* **What is being asked**
What you return should be the lines from the first line of the records below through the line holding "古巴:夏灣拿、奔納里奧、溫尼斯山谷、柯西瑪、華倫迪勞 | 巴拿馬︰巴拿馬城", unchanged.

[[ Input data open ]]

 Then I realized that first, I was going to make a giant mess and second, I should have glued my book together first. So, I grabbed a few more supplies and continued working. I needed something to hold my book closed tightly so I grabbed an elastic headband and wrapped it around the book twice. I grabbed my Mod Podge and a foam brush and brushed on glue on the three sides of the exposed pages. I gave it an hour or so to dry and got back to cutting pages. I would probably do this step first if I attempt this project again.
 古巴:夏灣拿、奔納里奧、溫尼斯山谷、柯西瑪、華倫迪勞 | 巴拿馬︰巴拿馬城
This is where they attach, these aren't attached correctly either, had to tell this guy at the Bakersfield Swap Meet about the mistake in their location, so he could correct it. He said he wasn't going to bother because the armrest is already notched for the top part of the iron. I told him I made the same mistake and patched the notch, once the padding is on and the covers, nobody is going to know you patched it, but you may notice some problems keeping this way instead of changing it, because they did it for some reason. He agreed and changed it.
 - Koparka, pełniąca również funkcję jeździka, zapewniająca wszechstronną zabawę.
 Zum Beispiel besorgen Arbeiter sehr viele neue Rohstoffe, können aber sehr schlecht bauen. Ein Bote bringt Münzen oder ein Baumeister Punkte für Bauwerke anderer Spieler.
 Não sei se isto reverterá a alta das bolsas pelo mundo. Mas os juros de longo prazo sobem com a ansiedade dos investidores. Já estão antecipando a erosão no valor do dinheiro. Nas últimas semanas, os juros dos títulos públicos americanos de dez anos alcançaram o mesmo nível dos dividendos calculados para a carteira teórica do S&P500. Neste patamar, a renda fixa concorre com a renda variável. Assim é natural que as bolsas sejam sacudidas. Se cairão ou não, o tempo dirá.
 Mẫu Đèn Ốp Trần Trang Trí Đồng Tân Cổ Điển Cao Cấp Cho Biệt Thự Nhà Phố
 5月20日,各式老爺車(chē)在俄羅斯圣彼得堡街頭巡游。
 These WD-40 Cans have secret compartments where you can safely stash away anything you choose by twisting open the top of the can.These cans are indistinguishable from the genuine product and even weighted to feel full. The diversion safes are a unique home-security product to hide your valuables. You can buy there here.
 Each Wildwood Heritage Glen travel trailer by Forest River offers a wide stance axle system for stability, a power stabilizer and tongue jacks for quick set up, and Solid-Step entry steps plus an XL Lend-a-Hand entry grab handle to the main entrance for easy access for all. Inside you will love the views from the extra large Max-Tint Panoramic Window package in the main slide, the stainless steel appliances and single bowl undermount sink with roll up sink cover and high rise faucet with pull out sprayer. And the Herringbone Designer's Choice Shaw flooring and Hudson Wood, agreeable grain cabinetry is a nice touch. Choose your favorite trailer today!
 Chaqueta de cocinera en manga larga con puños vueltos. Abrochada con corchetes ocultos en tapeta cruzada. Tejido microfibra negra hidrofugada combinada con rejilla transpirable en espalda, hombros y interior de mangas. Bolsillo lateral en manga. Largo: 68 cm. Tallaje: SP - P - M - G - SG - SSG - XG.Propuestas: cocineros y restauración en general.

[[ Input data closed ]]

* **Written solution**
 Then I realized that first, I was going to make a giant mess and second, I should have glued my book together first. So, I grabbed a few more supplies and continued working. I needed something to hold my book closed tightly so I grabbed an elastic headband and wrapped it around the book twice. I grabbed my Mod Podge and a foam brush and brushed on glue on the three sides of the exposed pages. I gave it an hour or so to dry and got back to cutting pages. I would probably do this step first if I attempt this project again.
 古巴:夏灣拿、奔納里奧、溫尼斯山谷、柯西瑪、華倫迪勞 | 巴拿馬︰巴拿馬城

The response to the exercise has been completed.